A visit from Captain Audley helped still further to restore her to some degree of tranquillity. He came in shortly after Mrs. Scattergood’s return, and bore Miss Taverner off for a drive. She at first declined it, but allowed herself in the end to be persuaded.

“Miss Taverner,” he said, “you are for moping indoors, and indulging your fancy in every flight of the most horrid imagination! Confess, you have been picturing dungeons, oubliettes, ambushes—in a word, all the terrors that lurk between the pages of the best romances! But it will not do: we live in the nineteenth century, and instead of receiving demands for a fabulous ransom, you are a great deal more likely to find that Perry has posted off to buy some horse which he has been informed is so perfect in all its paces that it would be a shocking thing to miss the chance of striking a bargain. Ten to one, the explanation will be something very like that, and when you scold him for giving you such a fright he will be mightily indignant, talk of the letter he sent you through the post, and discover it in the pocket of his driving-cloak.”

“Ah, if I could only think so!” she sighed.

“You will find that it is so, I assure you. Meanwhile, I have a strict charge laid on me not to allow you to fret. You are to regard me, if you please, as Worth’s proxy, and in that character I command you, Miss Taverner, to put on your driving-habit, and come with me. Look out the window, and tell me if you can be ungrateful enough to refuse!”

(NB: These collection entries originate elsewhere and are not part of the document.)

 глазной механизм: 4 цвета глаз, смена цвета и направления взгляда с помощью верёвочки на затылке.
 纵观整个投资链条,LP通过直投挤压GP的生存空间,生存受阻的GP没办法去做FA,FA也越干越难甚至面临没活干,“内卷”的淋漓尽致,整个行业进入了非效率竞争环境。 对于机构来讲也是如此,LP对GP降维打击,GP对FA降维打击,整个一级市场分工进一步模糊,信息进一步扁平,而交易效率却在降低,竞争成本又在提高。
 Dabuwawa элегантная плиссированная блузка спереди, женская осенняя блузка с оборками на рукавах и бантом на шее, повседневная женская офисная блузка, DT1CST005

She did look out, and smiled faintly to see Worth’s team of greys being led up and down by a groom. “At any other time I should be tempted,” she said. “But to-day—”

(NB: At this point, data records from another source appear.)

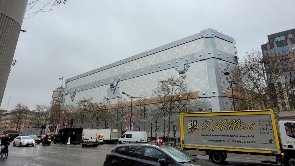 登完塔,走在香榭丽舍大街,这里就像是美国的商业街,全是一般常见的牌子,大的LV行李箱?
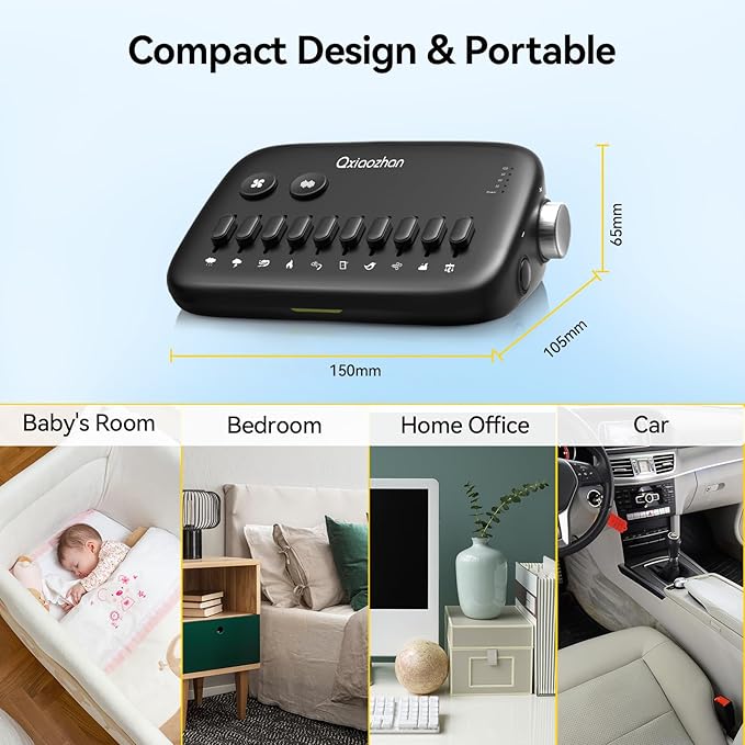 - [4 auto-off timers & adjustable 16 volumes] The Qxiaozhan portable sound machine features 4 auto - off timers (30/60/90/120 minutes), making it easy for you to fall asleep. It has 16 volume levels, allowing for precise adjustments using the knob on the right side. Equipped with 2 high - quality built - in speakers, it delivers clear sound effects, creating an ideal sleep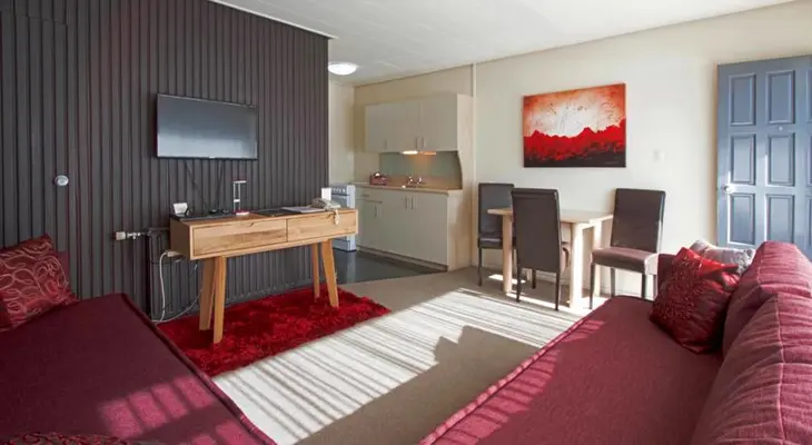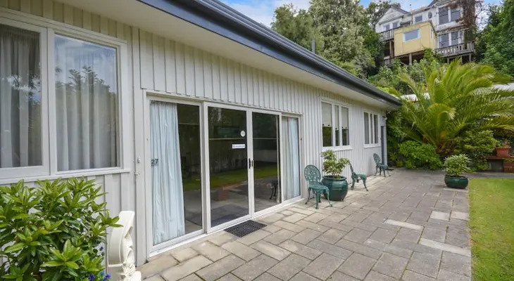 “One block from Dunedin’s main shopping and dining area, these clean and spacious apartments come with full kitchens in one-bedroom units and refrigerators and microwaves in the studios.”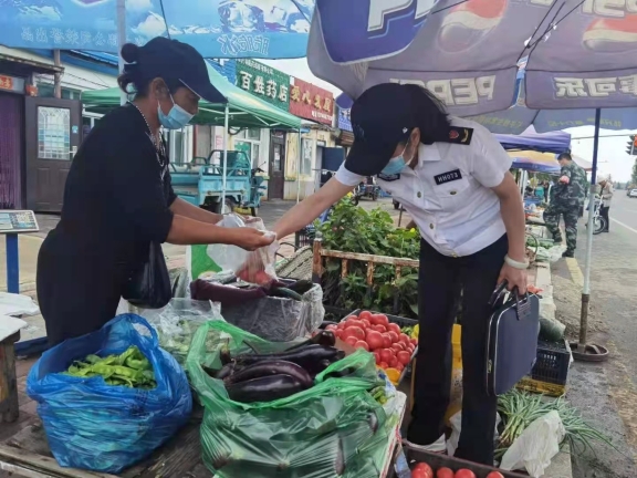 執(zhí)法人員現場發(fā)放《黑河市市場監(jiān)督管理局食品安全“你點我檢”調研問卷》46份,并根據調研問卷統(tǒng)計結果隨機抽取大集上售賣的熟食、水果、蔬菜等樣品。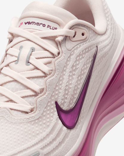 Take maximum cushioning to the next level with the Vomero Plus. It provides an ultra-comfortable ride for every day runs thanks to a mountainous stack of full-length ZoomX foam, the most responsive foam in the industry. Plus, the engineered mesh upper is made of soft, breathable yarn for a comfortable fit.
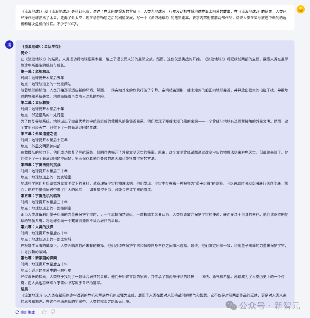 InternLM2设计的具备充满丰富的合理想象,比如外星遗迹、量子纠缠的引入等。同时整个故事表现了人类面对危机时的勇气和团结精神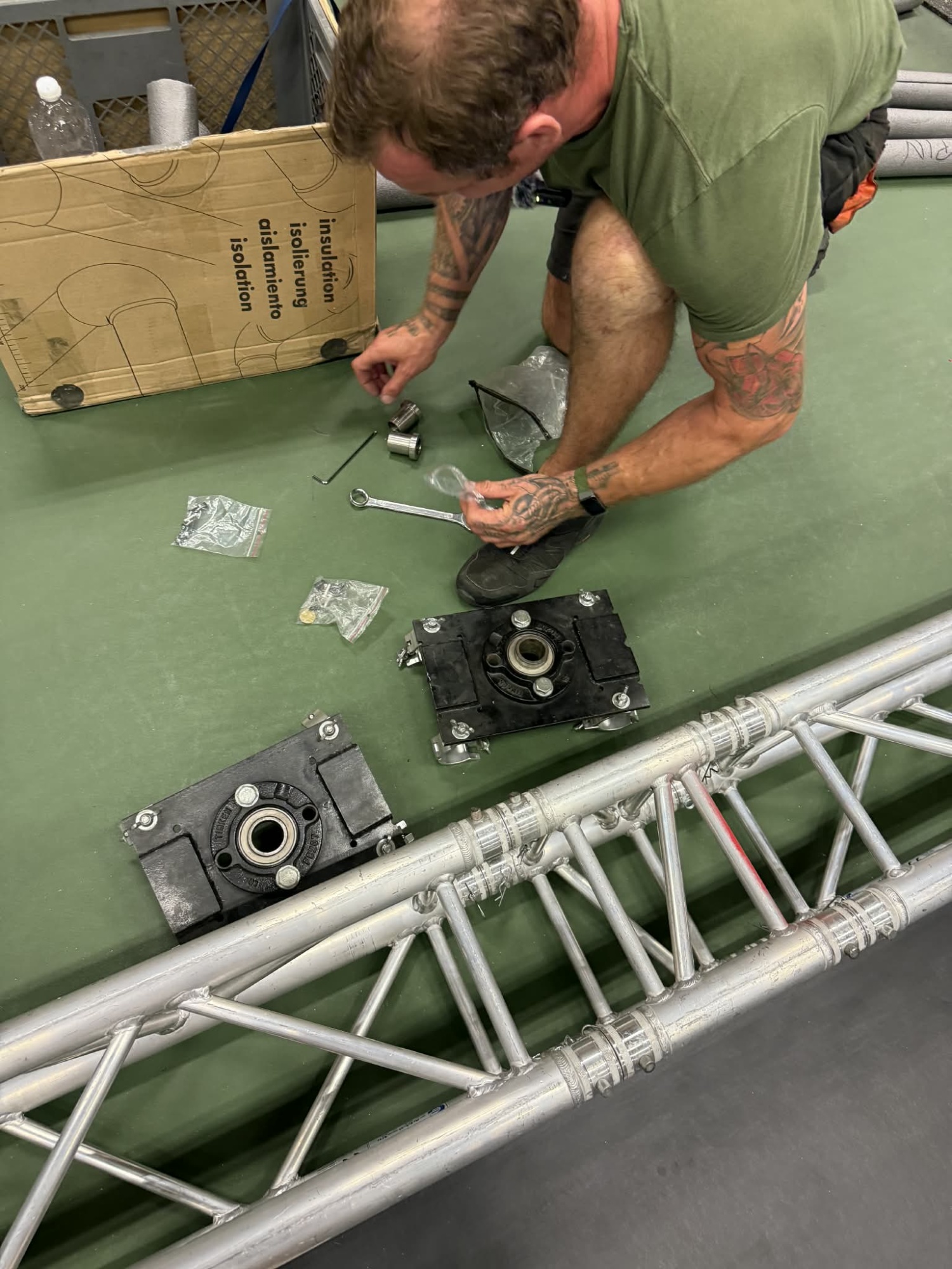 W zestawie znajduje się również górne mocowanie do konstrukcji scenicznej (truss), które pozwala bezpiecznie wykorzystać rurkę na scenie i w warunkach eventowych.

“Miss Taverner, do you dare to oppose my brother in this fashion?” he demanded. “I cannot credit it!”

Mrs. Scattergood added her persuasions to his. Miss Taverner submitted, and was soon sitting on the box-seat of the curricle, the reins in her capable hands. Captain Audley, exerting himself to divert her, was by turns audacious, droll, witty, sensible, but none of his sallies drew so animated a look nor so unforced a smile from her as his offer, when the curricle drew up on Marine Parade again, to escort her to London if no news of Peregrine was heard within the week.

“I don’t doubt we shall have news,” he said, “but if we do not by Thursday next, I will engage to go with you and Maria to town, and to conduct you to Bow Street myself.”

“Oh, if you would!” she cried. “To be staying here, unable to do anything to the purpose, ignorant of the steps Lord Worth is taking—it is not to be borne!”

“You have my promise,” he said. “But until then try to do as Worth bade you. Be patient, do not set tongues wagging, and do not imagine the worst!”